I have just recently returned from an annual 5-day silent retreat. It was a beautiful time of reflection, meditation, and encounter with the Lord. Out of all the beautiful and challenging elements, one has struck me: the power of prayer.
No moment expresses my own fragility, my utter dependence on Another, than that of prayer. Contrary to mainstream thinking, this fragility and dependence is not something to be mocked or remedied, rather it is to be seen in the light of faith: in prayer we place ourselves before a truly All-Powerful and Living God.
He is a God that listens to the prayers of his sons and daughters and has died so that we learn to depend on him and abandon our most puerile and narcissistic belief in self-sufficiency.
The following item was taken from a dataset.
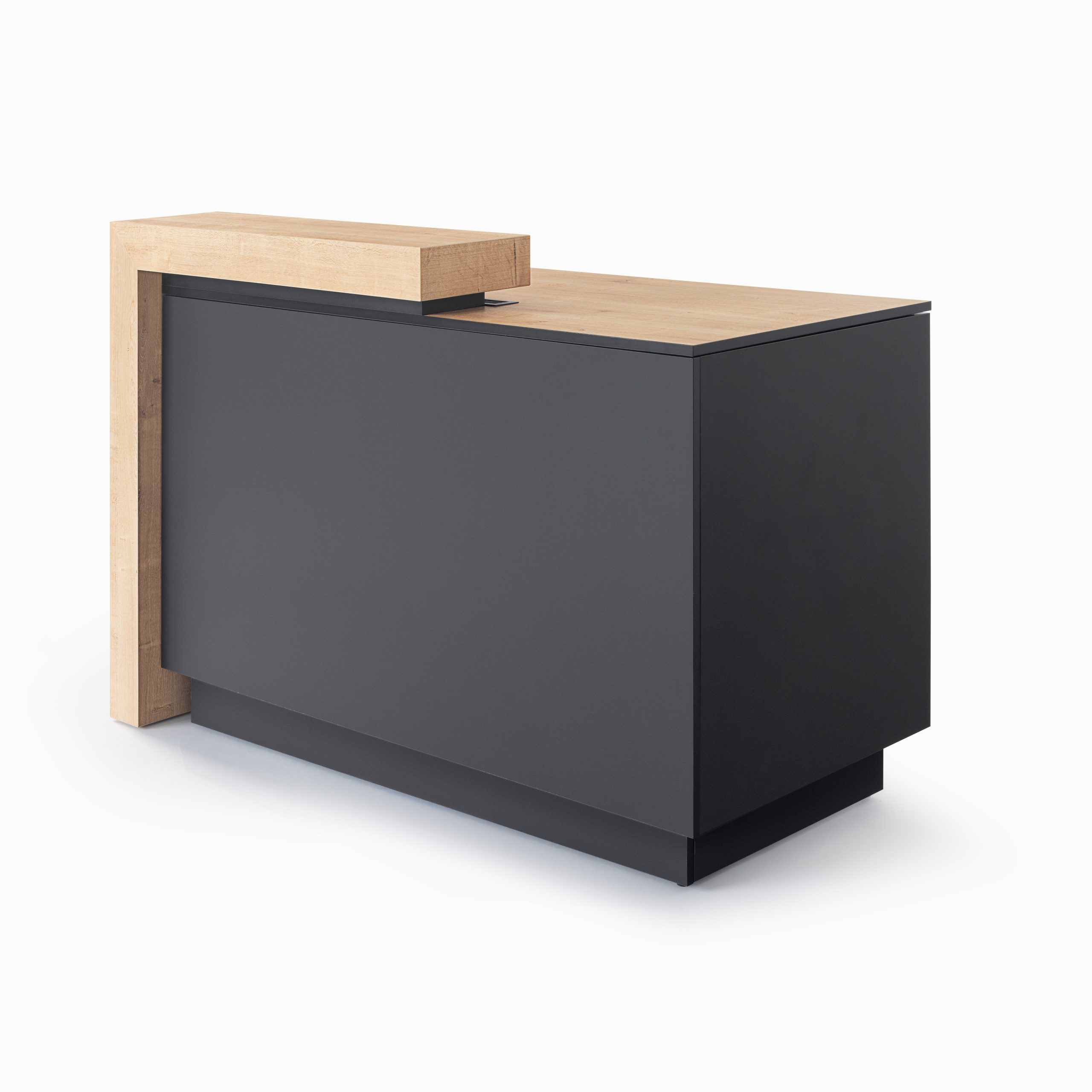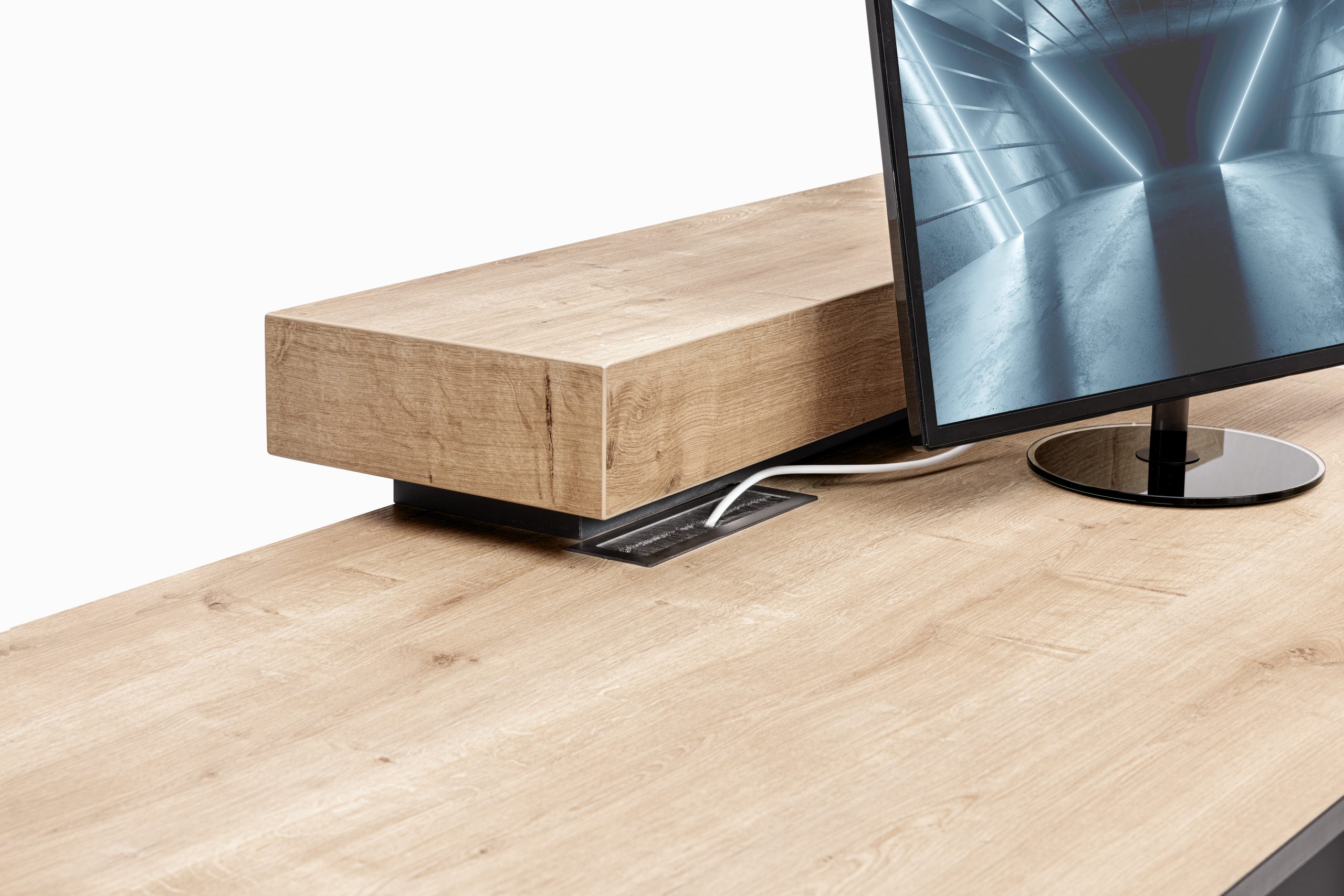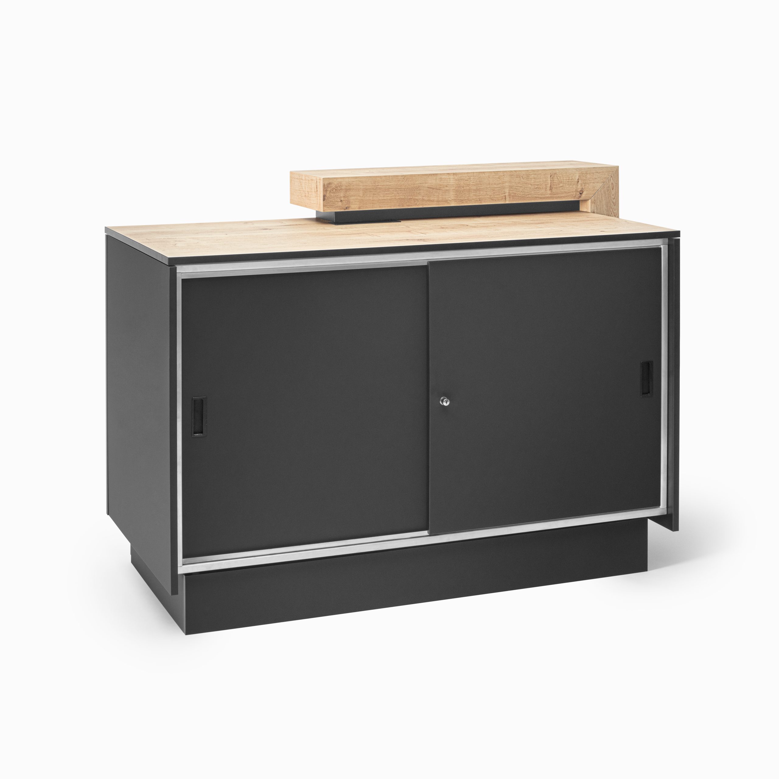 Verblendung in Piton „anti fingerprint“, matt schwarz, Arbeitsplatte und Aufsatz in Eiche-Optik, Korpus aus Edelstahl, rückseitig Schiebetür abschließbar, inklusive Fachböden in schwarz, Kabelführung möglich

This reality is and must be the foundation of every Christian life, a foundation that serves to orient all that we are and do.
Check out this link:
The Beauty of Prayer Brought to Life with 37 Impressive Photos
It is in prayer and fasting, in encountering the fragility of our own efforts and the paternity of God’s gentle power, that we harvest the faith and hope necessary to collaborate in the change that the Lord wants to bring to our world.
For this reason, in returning home, I was overjoyed to see this superb video produced by the USCCB and edited by Likablart. The call to prayer: I think that this must be the foundation and inner source for all the work that we as Catholics must do in the culture. Our efforts to transform must never be reduced to a simple political cause. Its source, its means, and its goal must always be centered in Christ.
Remember then, that to pray for marriage, for religious freedom, for life, is not a mere prayer for votes, but a prayer for hearts. Beyond all the sociological, psychological, philosophical factors in play, we act because Christ has revealed his love and demanded that we share it with the world. Let our actions reflect it.